→ Extracted material:
>>>>>

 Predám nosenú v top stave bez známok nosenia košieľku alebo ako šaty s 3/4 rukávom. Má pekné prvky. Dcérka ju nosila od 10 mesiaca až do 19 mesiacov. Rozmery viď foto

<<<<<
>>>>>

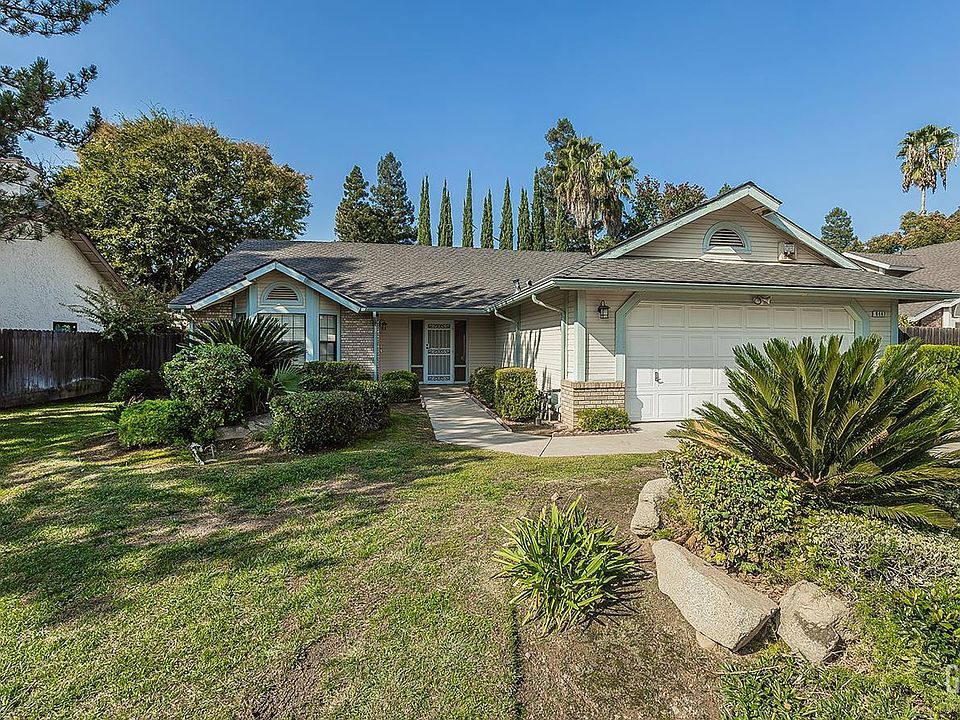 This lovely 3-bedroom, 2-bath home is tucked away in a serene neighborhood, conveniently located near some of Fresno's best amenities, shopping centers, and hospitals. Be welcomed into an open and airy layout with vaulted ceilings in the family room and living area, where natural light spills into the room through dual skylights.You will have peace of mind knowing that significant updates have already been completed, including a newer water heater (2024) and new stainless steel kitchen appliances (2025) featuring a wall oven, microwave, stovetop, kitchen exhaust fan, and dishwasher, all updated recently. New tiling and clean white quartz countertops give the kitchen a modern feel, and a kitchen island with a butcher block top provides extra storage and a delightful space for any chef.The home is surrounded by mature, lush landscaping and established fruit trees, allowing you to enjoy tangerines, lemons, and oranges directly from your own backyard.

<<<<<
>>>>>

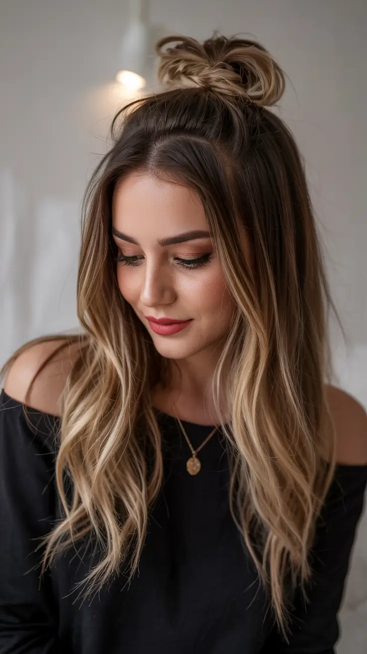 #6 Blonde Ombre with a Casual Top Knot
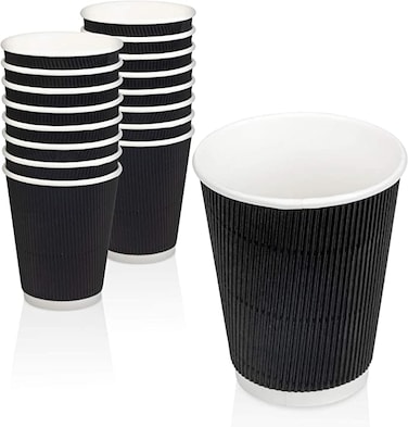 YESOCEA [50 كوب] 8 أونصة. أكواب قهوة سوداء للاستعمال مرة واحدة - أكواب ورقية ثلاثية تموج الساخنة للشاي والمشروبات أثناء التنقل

<<<<<

→ Problem statement: Everything above from the line containing "#6 Blonde Ombre with a Casual Top Knot" down to the line containing "YESOCEA [50 كوب]" is to be duplicated exactly, both lines included, and the pictures are to be omitted.

→ Expected output:
 #6 Blonde Ombre with a Casual Top Knot
 YESOCEA [50 كوب] 8 أونصة. أكواب قهوة سوداء للاستعمال مرة واحدة - أكواب ورقية ثلاثية تموج الساخنة للشاي والمشروبات أثناء التنقل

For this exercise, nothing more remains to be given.